The robberies occurred in 2022, reaping close to $1 million in cash, jewels and other valuables. The year was capped off by a surprise birthday party for one of the crew members in December 2022, where the defendants flaunted stolen jewelry for a video camera and talked about their newfound riches. Video of the party was later seized by prosecutors and used as evidence to argue for lengthy prison sentences.

In court, prosecutors argued that Rabon was a longtime, dedicated member of the Ghost Town gang — a violent group that has existed in West Oakland for decades — and that he committed his crimes while serving as a “youth mentor” through a program funded by the city of Oakland. The defense argued that he expressed “true remorse” and that his crimes were “mistakes caused by a lifetime of trauma and drug addiction.”

Rabon described his life in a letter to the court, listing times he lost loved ones, went through financial hardships and eventually came to have a new perspective in life.

“Throughout the year and half my case was pending, I spent more time with my kids than I ever had before, and attended drug and mental counseling for the first time in my life,” Rabon wrote. “I am a changed person and never want to return to the life I previously lived.”

The tragedies Rabon endured include the loss of his 17-year-old brother, Deshawn Rabon, who was killed when a car he was riding in collided with a funeral home in 2015. A defense sentencing memo includes a picture where Garland Rabon poses alongside Oakland Mayor Barbara Lee, holding up two certificates her earned through participation in anti-violence programs this year.

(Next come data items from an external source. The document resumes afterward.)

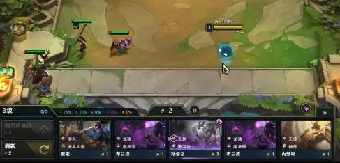 在2阶段野怪后,我们就需要看装备与猴子数量,如果只有3-4只猴子摩昂是不建议继续赌下去的,这样如果猴子来的晚,在3阶段就容易开始无法稳血,阵容强度上会差很多。这局摩昂野怪后有6只猴子就可以继续赌下去,利用50块金币外的利息进行D卡找三星猴子。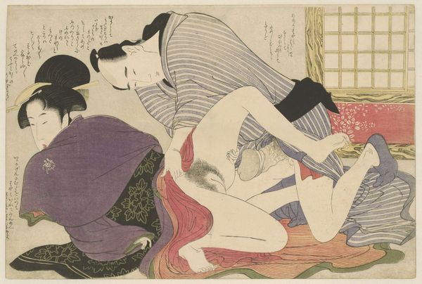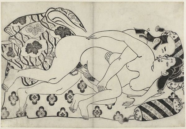 Editor: Here we have Hokusai's "Met gesloten ogen," created sometime between 1815 and 1823. It's a print using woodcut and ink. What strikes me most is the intimacy of the figures, yet also their passivity – everyone's eyes are closed. How do you interpret this work? Curator: Well, viewing this through a contemporary lens, we must address the cultural context of "shunga," erotic art, within which this print resides. Was it empowering, or exploitative, particularly for the woman depicted? Editor: That's a valid point. I hadn't considered it from that angle. The closed eyes... could that symbolize a lack of agency, or perhaps a retreat into pleasure? Curator: Precisely. Does the woman's apparent passivity reinforce societal expectations of female roles during that period, or does the depiction of pleasure offer a subversive reading against those norms? How do you think the male gaze operates here, considering that this piece was part of a larger consumer culture? Editor: I guess the commercial aspect complicates the idea of simple female empowerment. The act of selling such images – does that inherently objectify? Curator: That tension is key. "Shunga" prints were consumed by both men and women, cutting across social classes. The availability and acceptance of such imagery in 19th-century Japan challenges our modern sensibilities about censorship and representation. Can we impose our values, or must we consider it on its own terms? Editor: So it's not a straightforward narrative of oppression. The context creates so much more complexity. Curator: Exactly! Recognizing that complexity is crucial for a richer understanding, encouraging us to continuously interrogate the politics of pleasure and representation. Editor: I see it now, looking deeper than the surface is important and cultural and historical background bring a lot of depth to any piece. Curator: Yes! Nuance is really important when understanding artwork.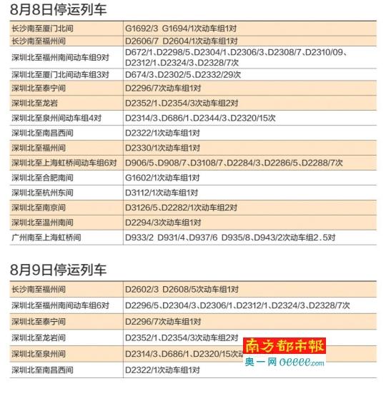 从停运车次来看,深圳北站发出的动车停运量要多于广州。据了解,停运路线主要集中在深圳北站开往福州南、厦门北、泰宁、泉州、南昌西、温州南、合肥南、杭州东、南京、上海虹桥等方向。深圳北站8月8日停运32趟,8月9日停运13趟。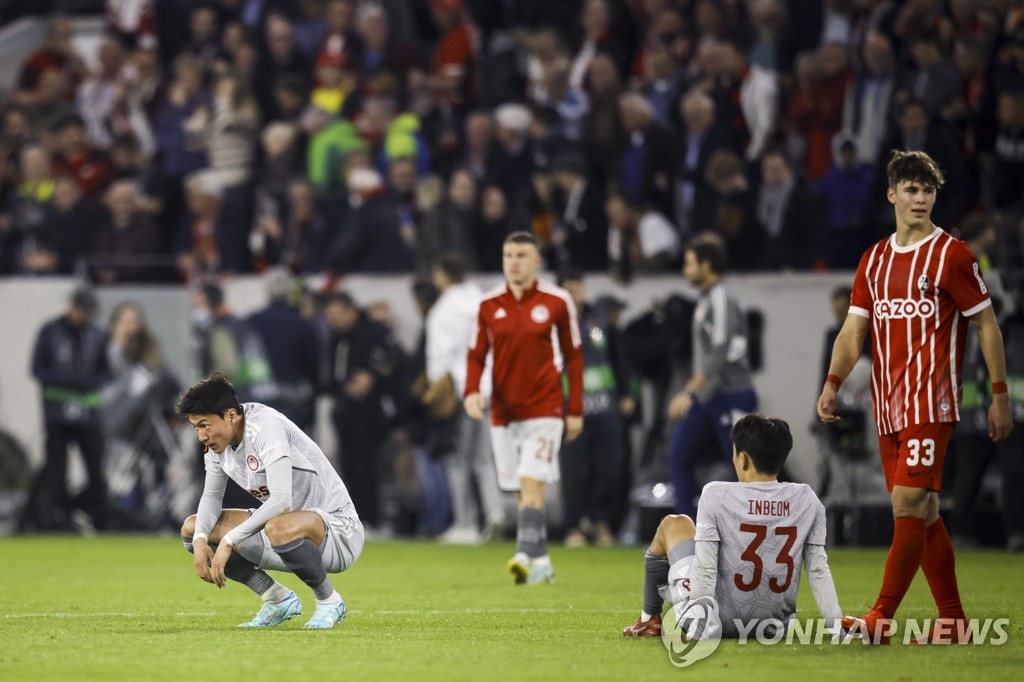 | ▲ 올림피아코스의 유로파리그 조별리그 탈락에 아쉬워 하는 황인범(33번)과 황의조(왼쪽) [EPA=연합뉴스] |

Prosecutors argued that Rabon’s role as a getaway driver “made the rapid takeover and speedy departure possible,” during one of the robberies and that he pledged his loyalty to the Ghost Town gang on Instagram with a post that said: “Til death do us apart / I’m with the gang / I took my vows.”

The robberies included a March 2022 incident where a coin store owner in San Francisco lost an estimated $300,000 and a November 2022 stickup that cost a San Pablo jeweler estimated losses of up to $500,000. There was also an August 2022 robbery, targeting an Oakland cannabis dispensary, with a business loss estimated at $100,000.